_Work task_
The entries below contain a stretch that opens with the line containing "MANAUS-AM | Foi" and closes with the line containing "北京正立監(jiān)理咨詢"; set down that stretch exactly, both ends included, and nothing else.

_Source information_
- Opening Delimiter -

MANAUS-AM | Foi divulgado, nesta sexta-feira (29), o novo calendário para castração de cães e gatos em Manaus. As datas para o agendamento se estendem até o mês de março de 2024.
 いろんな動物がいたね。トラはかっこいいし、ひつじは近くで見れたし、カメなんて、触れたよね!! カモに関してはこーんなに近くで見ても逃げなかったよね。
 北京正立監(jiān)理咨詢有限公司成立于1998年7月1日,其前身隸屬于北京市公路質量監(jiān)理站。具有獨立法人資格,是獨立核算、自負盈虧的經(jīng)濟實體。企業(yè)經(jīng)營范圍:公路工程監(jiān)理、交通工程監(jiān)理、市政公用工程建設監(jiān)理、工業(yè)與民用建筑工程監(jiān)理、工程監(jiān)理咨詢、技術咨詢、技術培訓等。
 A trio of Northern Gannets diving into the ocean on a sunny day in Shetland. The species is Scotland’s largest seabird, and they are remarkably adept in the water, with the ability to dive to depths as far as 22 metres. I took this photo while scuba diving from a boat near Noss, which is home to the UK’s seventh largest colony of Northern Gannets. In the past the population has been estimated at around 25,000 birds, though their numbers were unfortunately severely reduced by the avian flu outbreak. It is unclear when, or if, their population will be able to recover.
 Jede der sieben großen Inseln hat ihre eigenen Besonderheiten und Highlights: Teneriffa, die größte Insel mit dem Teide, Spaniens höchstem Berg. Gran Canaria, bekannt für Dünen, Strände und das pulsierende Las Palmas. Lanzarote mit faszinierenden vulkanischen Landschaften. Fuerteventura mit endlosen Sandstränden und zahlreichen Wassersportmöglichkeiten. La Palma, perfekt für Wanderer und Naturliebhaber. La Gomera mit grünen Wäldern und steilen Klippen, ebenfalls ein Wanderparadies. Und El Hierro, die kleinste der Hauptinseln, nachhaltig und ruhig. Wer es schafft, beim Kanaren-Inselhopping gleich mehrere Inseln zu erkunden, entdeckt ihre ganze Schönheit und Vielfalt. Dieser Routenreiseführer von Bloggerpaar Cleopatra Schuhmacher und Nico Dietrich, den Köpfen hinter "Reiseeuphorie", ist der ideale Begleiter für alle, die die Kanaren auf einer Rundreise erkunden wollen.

- Closing Delimiter -
- Opening Delimiter -

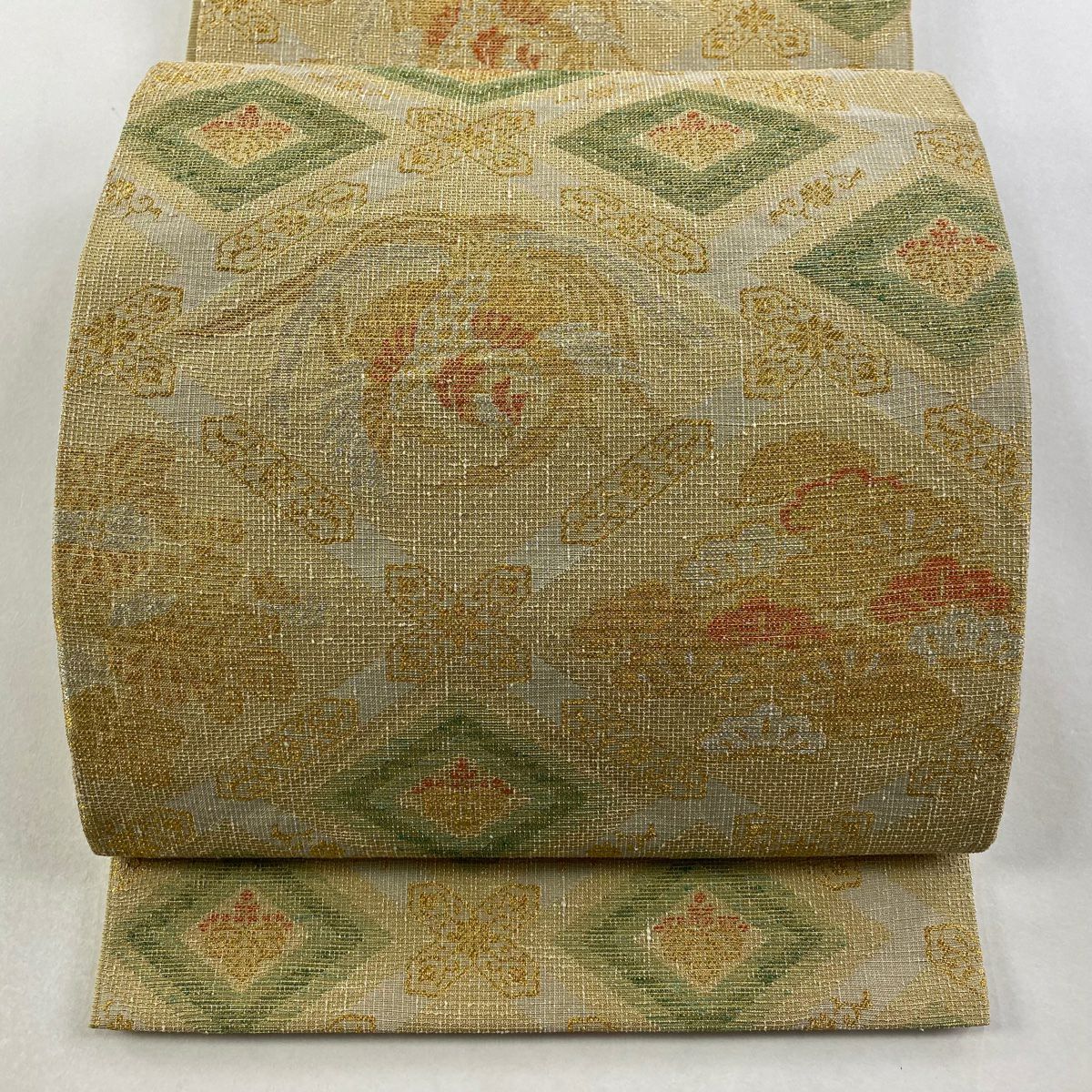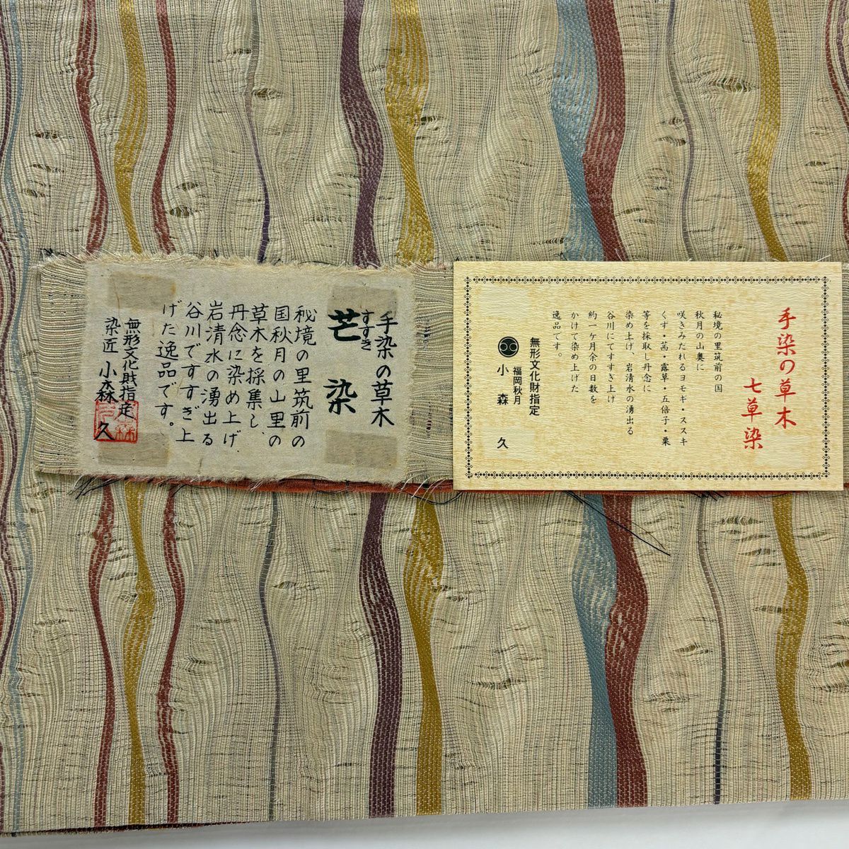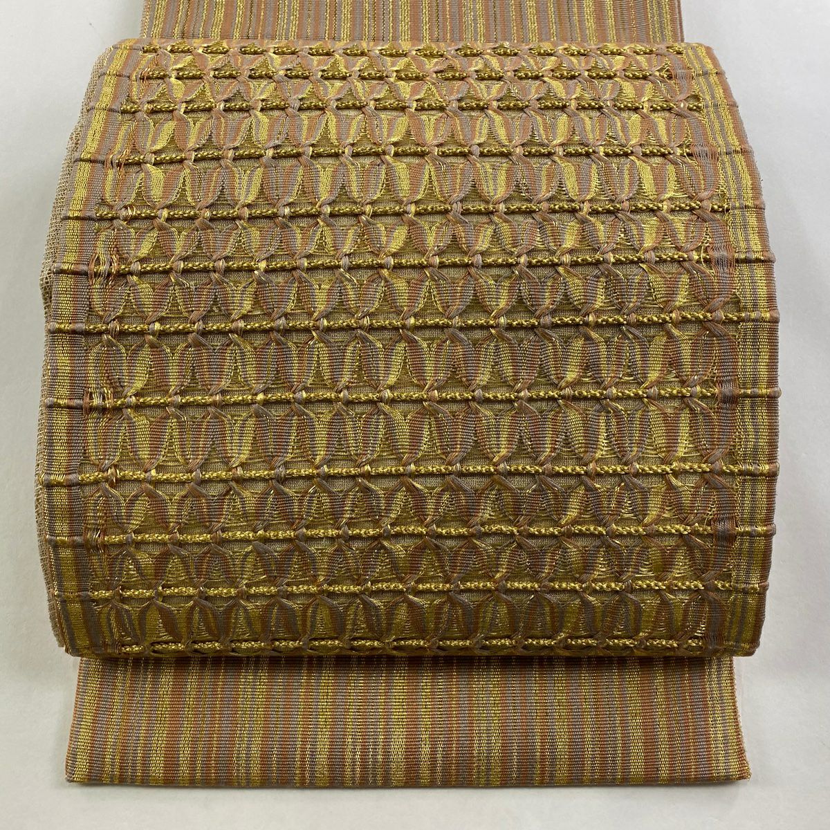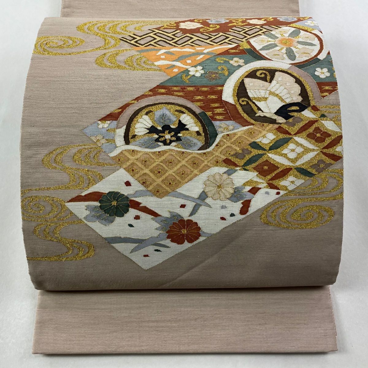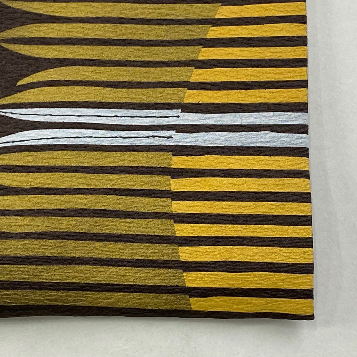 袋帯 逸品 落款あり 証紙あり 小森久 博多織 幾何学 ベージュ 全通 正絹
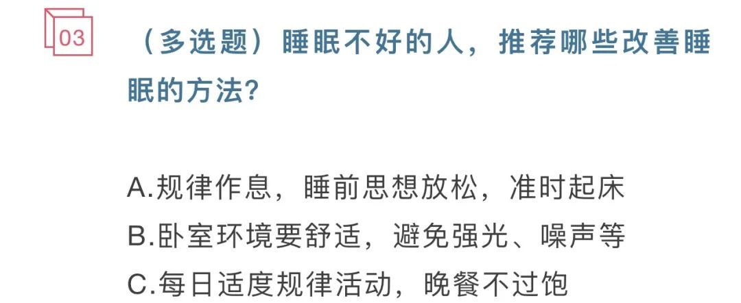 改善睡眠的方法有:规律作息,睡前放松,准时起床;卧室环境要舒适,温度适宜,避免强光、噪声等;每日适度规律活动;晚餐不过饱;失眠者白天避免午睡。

- Closing Delimiter -

_Reply to the exercise_
MANAUS-AM | Foi divulgado, nesta sexta-feira (29), o novo calendário para castração de cães e gatos em Manaus. As datas para o agendamento se estendem até o mês de março de 2024.
 いろんな動物がいたね。トラはかっこいいし、ひつじは近くで見れたし、カメなんて、触れたよね!! カモに関してはこーんなに近くで見ても逃げなかったよね。
 北京正立監(jiān)理咨詢有限公司成立于1998年7月1日,其前身隸屬于北京市公路質量監(jiān)理站。具有獨立法人資格,是獨立核算、自負盈虧的經(jīng)濟實體。企業(yè)經(jīng)營范圍:公路工程監(jiān)理、交通工程監(jiān)理、市政公用工程建設監(jiān)理、工業(yè)與民用建筑工程監(jiān)理、工程監(jiān)理咨詢、技術咨詢、技術培訓等。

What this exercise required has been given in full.